== To do ==
Wherever a picture appears, skip it and retype the rest of the data exactly.

== Given data ==
------------------------------------------------------------------------

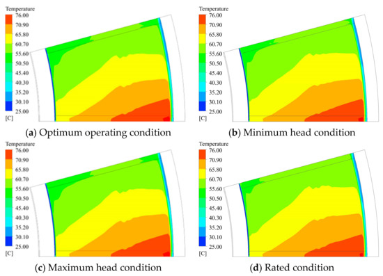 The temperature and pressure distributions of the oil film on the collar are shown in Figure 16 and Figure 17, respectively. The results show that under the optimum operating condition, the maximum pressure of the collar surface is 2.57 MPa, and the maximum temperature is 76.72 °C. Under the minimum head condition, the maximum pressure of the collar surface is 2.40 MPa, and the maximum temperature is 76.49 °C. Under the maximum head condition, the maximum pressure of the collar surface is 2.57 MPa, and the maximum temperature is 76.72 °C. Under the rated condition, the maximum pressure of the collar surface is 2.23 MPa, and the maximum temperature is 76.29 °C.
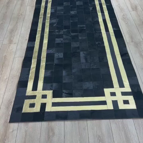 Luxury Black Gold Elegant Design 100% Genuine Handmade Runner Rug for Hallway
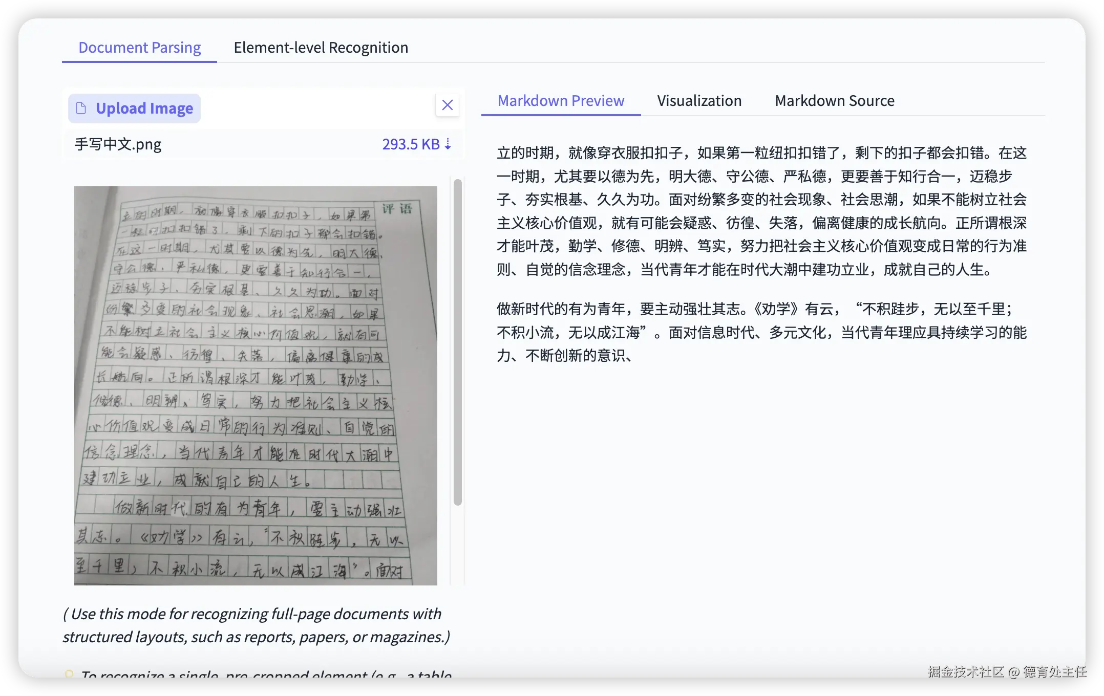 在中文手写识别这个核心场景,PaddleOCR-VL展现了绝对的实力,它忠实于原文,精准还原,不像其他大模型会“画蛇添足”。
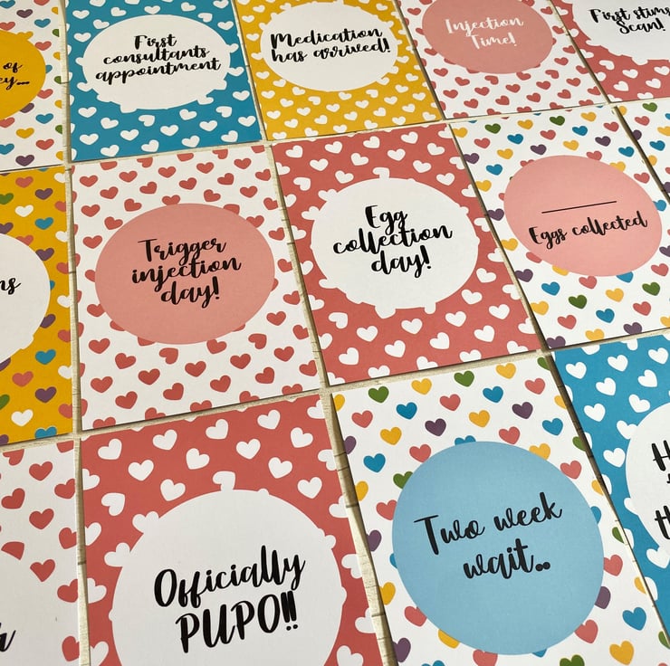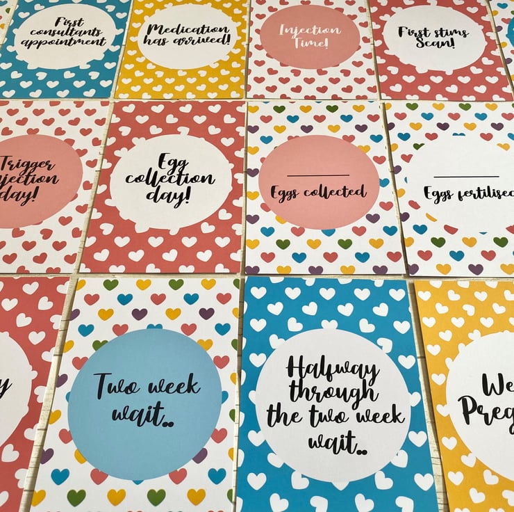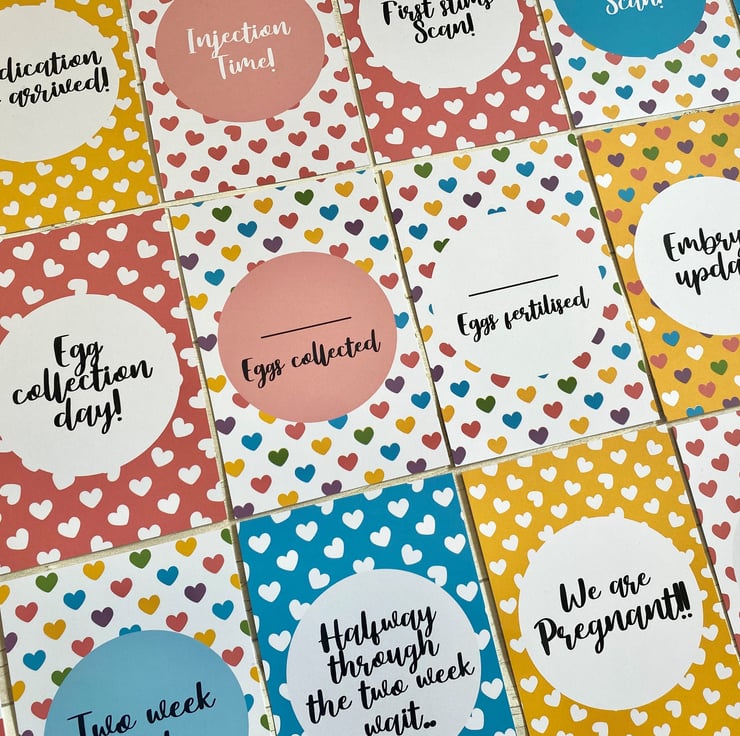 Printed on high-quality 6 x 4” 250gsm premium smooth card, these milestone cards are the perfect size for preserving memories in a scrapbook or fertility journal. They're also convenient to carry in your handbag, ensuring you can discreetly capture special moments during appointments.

------------------------------------------------------------------------

== Response ==
 The temperature and pressure distributions of the oil film on the collar are shown in Figure 16 and Figure 17, respectively. The results show that under the optimum operating condition, the maximum pressure of the collar surface is 2.57 MPa, and the maximum temperature is 76.72 °C. Under the minimum head condition, the maximum pressure of the collar surface is 2.40 MPa, and the maximum temperature is 76.49 °C. Under the maximum head condition, the maximum pressure of the collar surface is 2.57 MPa, and the maximum temperature is 76.72 °C. Under the rated condition, the maximum pressure of the collar surface is 2.23 MPa, and the maximum temperature is 76.29 °C.
 Luxury Black Gold Elegant Design 100% Genuine Handmade Runner Rug for Hallway
 在中文手写识别这个核心场景,PaddleOCR-VL展现了绝对的实力,它忠实于原文,精准还原,不像其他大模型会“画蛇添足”。
 Printed on high-quality 6 x 4” 250gsm premium smooth card, these milestone cards are the perfect size for preserving memories in a scrapbook or fertility journal. They're also convenient to carry in your handbag, ensuring you can discreetly capture special moments during appointments.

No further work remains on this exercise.